= Jeremiah Shepard =

Jeremiah Shepard (August 11, 1648 – June 2, 1720) was an American Puritan minister and the youngest son of Margaret Shepard nee Borodell and Thomas Shepard, a major figure in the founding generation of Puritan New England. He was an early graduate of Harvard University, in the class of 1669. He married Mary Wainwright, a daughter of Francis and Philippa Wainwright, about 1672. Mary's brother Francis had also attended Harvard.

Shepard replaced his brother Samuel Shepard at the church in Rowley, Massachusetts and served at the church in Chebacco, later renamed Essex, Massachusetts, and at the church in Lynn, Massachusetts.

Like many ministers of his generation, Jeremiah Shepard encountered significant conflicts with his congregations. He was invited to give a monthly lecture at the church in Rowley, but after the election of several town Selectmen who opposed his appointment, the town government refused to pay his salary. Shepard later sued and a compromise was struck. Accepting a call to the church at Chebacco in 1678, Shepard encountered further opposition. The residents of Chebacco, who tired of the long trip to the church at Ipswich, Massachusetts attempted to withdraw from that church, but the members in Ipswich were unwilling that such a break be made. Shepard found himself caught in the middle and accepted a call at the church in Lynn in 1680, where he remained for 40 years.

The Journal of Obadiah Turner described Shepard thus:
"Ye new minister, Mr. Shepard, we find sound in doctrine and strong in speech; but wonderful grave and solemn, wch, after Mr.

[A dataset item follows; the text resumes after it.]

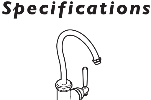
SIP™ Traditional Beverage Faucet

Whiting, seemeth like clouds after sunshine. Wee doubt not his pietie; but pieitie recommended by gloom cometh with but a poor recommend. However, he is mch of a stranger wth vs as yet. He dresseth in black clothes and weareth black gloves in ye pulpit, wch he must needes cut off at ye finger ends, ye wch is done to enable him to turne over ye book leaves."

Turner's Journal goes on to describe Shepard's conflicts with the church at Lynn when he attempted to remove all music from the service and replace it with more preaching.

Shepard was accused of wizardry during the excitement surrounding the Salem witch trials and was vehemently opposed to the governorship of Sir Edmund Andros.